17-07-2007 A Galiza e a língua portuguesa - Ângelo Cristóvão
Ângelo Cristóvão *
Permita-me "falar" algo de mim, como excepção. Sou licenciado em psicologia, na especialidade de psicologia social. Na faculdade interessei-me por questões de epistemologia, dediquei algum tempo a estudar e praticar métodos e técnicas de investigação nas ciências sociais, interessei-me depois pela sociolinguística, e ultimamente pela história das línguas europeias, mas a minha actividade principal é a de empresário. Sim, um empresário preocupado com as questões da língua e da cultura, um caso raro, mas empresário.
Tenho sempre presente algo que li não sei onde: que um país com futuro é aquele em que se investe capital privado em actividades de interesse público. Por lógica, os países sem futuro são aqueles em que o dinheiro público é investido para proveito privado.
Da Galiza vê-se o mar, vê-se também Portugal. A Espanha não se vê porque é como um sentinela estrangeiro omnipresente, como um ruído permanente, o teu ouvido acaba habituando-se, não sem perda de capacidade auditiva. Dizem que em dias claros, da torre de Hércules da Crunha, até pode ver-se a ilha de Irlanda, donde veio em tempos
míticos o nobre celta Breogão, o mesmo que é cantado e lembrado no nosso hino: nação de Breogão.

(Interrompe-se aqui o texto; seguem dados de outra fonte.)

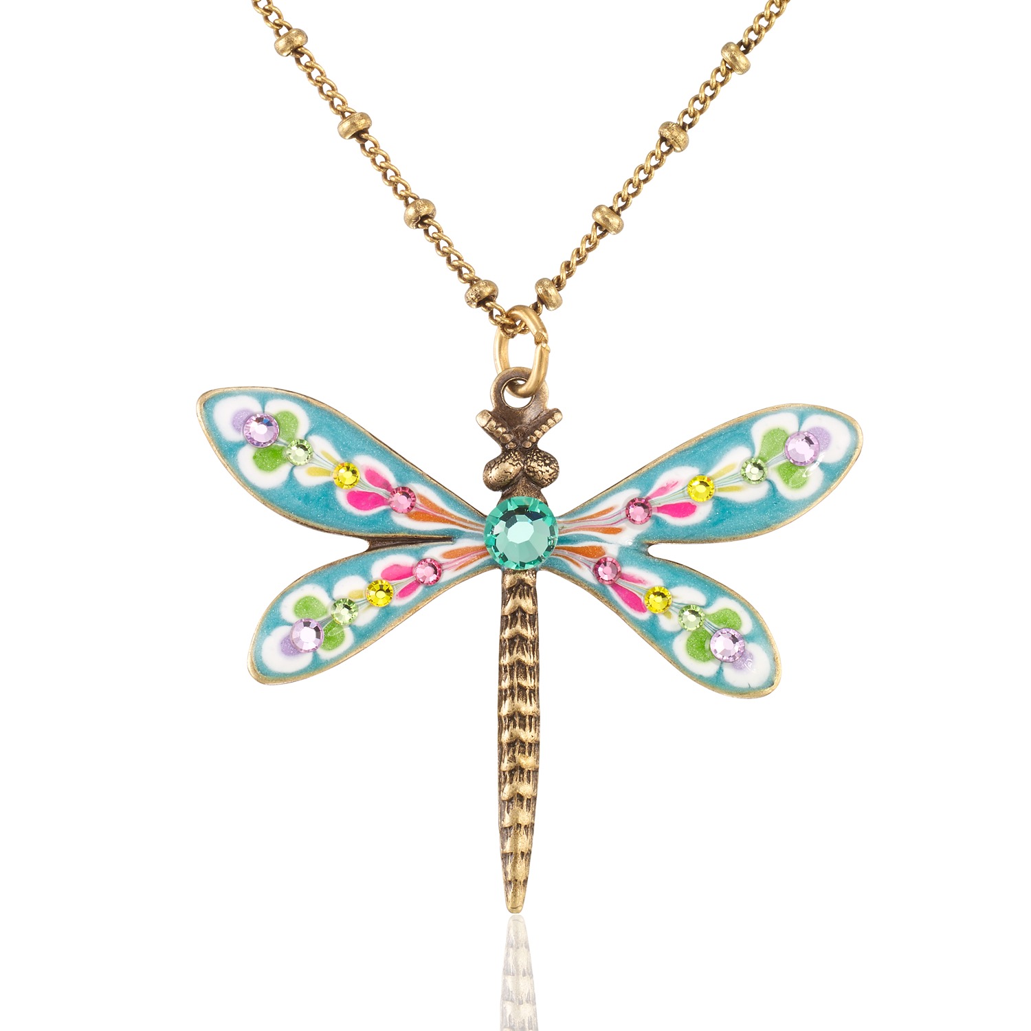 Inspired by the beauty of the spring season, this bright colored and intricately designed dragonfly pendant necklace features colors such as turquoise, pink, purple, green, yellow and orange, accented with brilliant turquoise crystal. Made in the USA with lead/nickel free antiqued brass findings and antiqued brass chain. Lobster claw closure.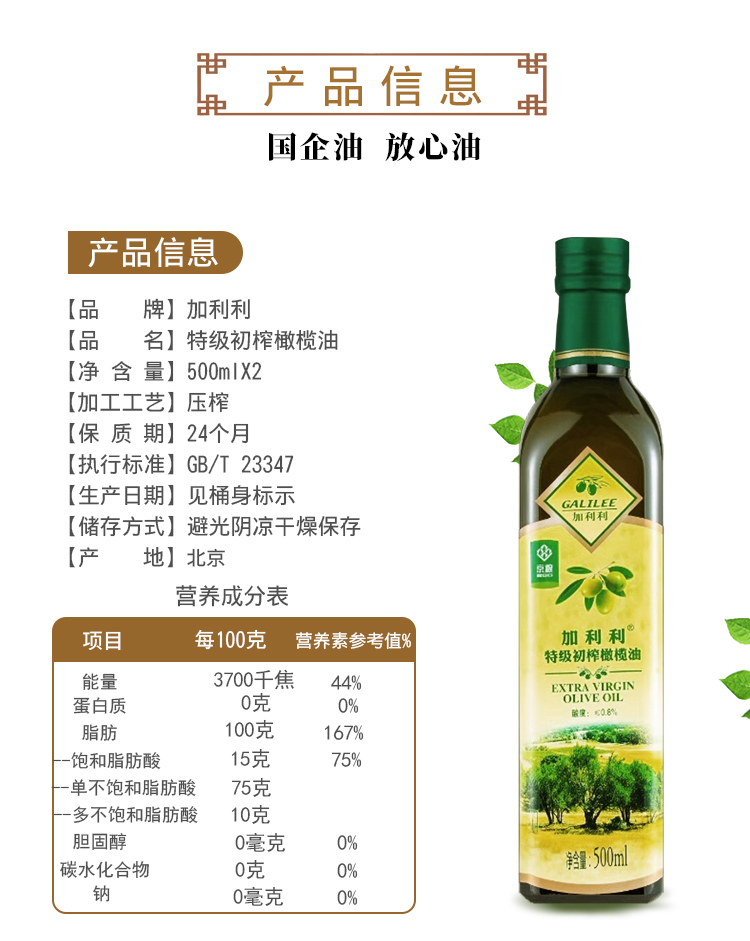 加利利精装特级初榨橄榄油组合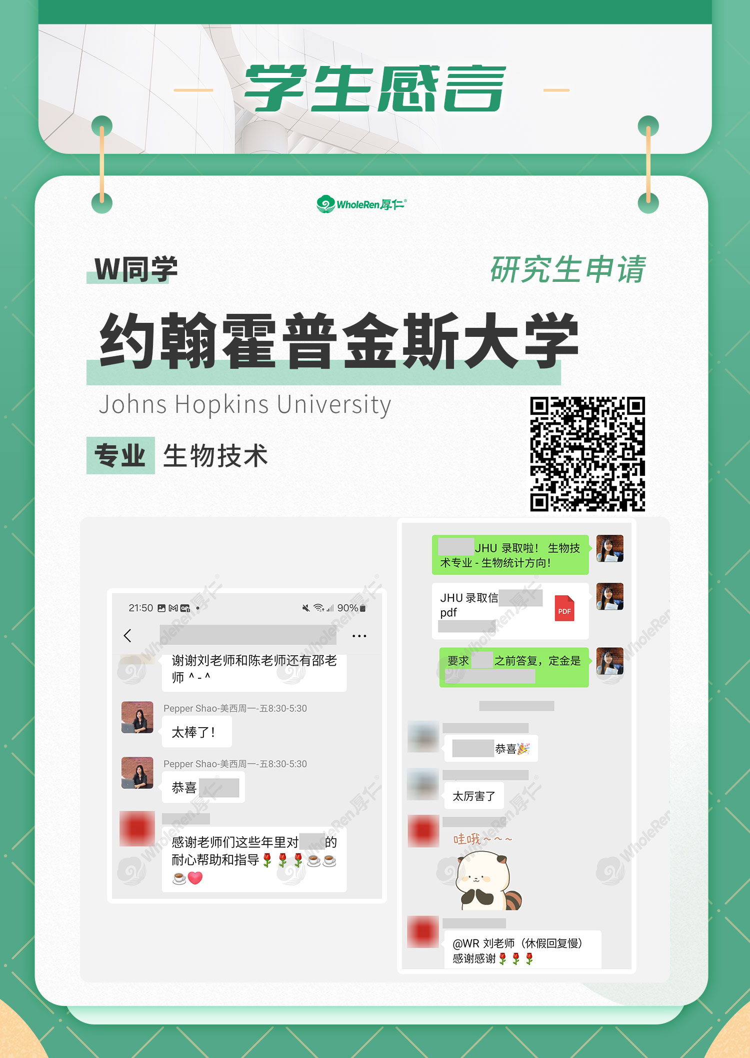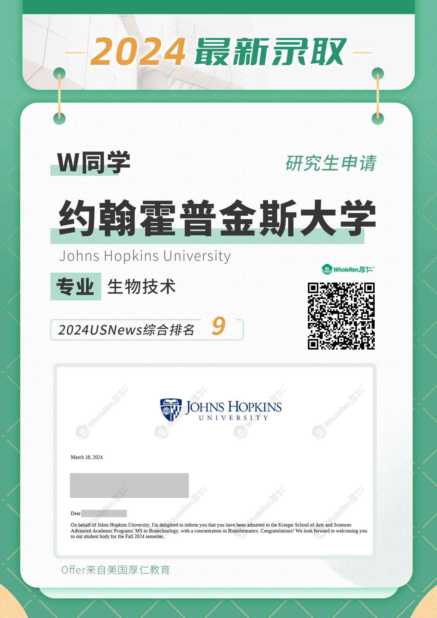 【JHU】W同学专业决定较晚经全程规划顺利取得名校offer

A primeira vez que li o hino português pensei que se tratava de um texto propositadamente belicoso. "Às armas" não parece uma frase muito pacífica, e deixou-me uma impressão negativa. Depois, com o tempo, percebi a importância dos símbolos e as tradições. Aprendi que esse hino, o da República, tinha como destinatários os ingleses:
Contra os bretões, marchar, marchar! Bom, o hino é um resultado de uma revolução nacionalista no contexto do Ultimatum inglês, por sua vez resultado do Mapa Cor-de-Rosa, de Angola a Moçambique.
Na Galiza existe uma tendência, que começa a ser geral nos ambientes universitários, a ler tudo quando é produzido abaixo do rio Minho.
Há cada vez mais galegos que podem opinar sobre Portugal com conhecimento de causa, mas não há nenhum vice-versa, porque de Portugal, olhando para o Este, dizem que se vê a Espanha e até, quando o vento é favorável, chega o cheiro das flores de Timor.
Olhando para o sul, dizem que se vêm os PALOP. Virando os olhos ao
Oeste, logo se percebe o Brasil. E para o norte? para o norte está Inglaterra.
A verdade é esta, para os portugueses em geral, e para os notáveis em especial, a Galiza é invisível, e o catálogo de escusas para continuar a ignorá-la completamente é imenso. Talvez se tivéssemos uma décima parte do petróleo descoberto na Guinea Ecuatorial, algum político português lembraria que falamos português há mais de 800
anos e citaria na Assembleia da República o artigo da constituição que obriga o estado a defender e valorizar a língua portuguesa lá onde é falada. Enquanto não aparecerem os hidrocarbonetos continuaremos a fazer coisinhas de algum valor, e outras de mais
valor, porque somos conscientes de que o nosso futuro não depende do que somos, depende do fazemos.
O acordo entre a ABL e o Ministério da Cultura só pode parece-me bom, e pessoalmente aspiro a que a nossa Academia, em processo de constituição, possa ser reconhecida de alguma forma nas instituições da CPLP. Mas isso só poderá vir no prazo de vários anos.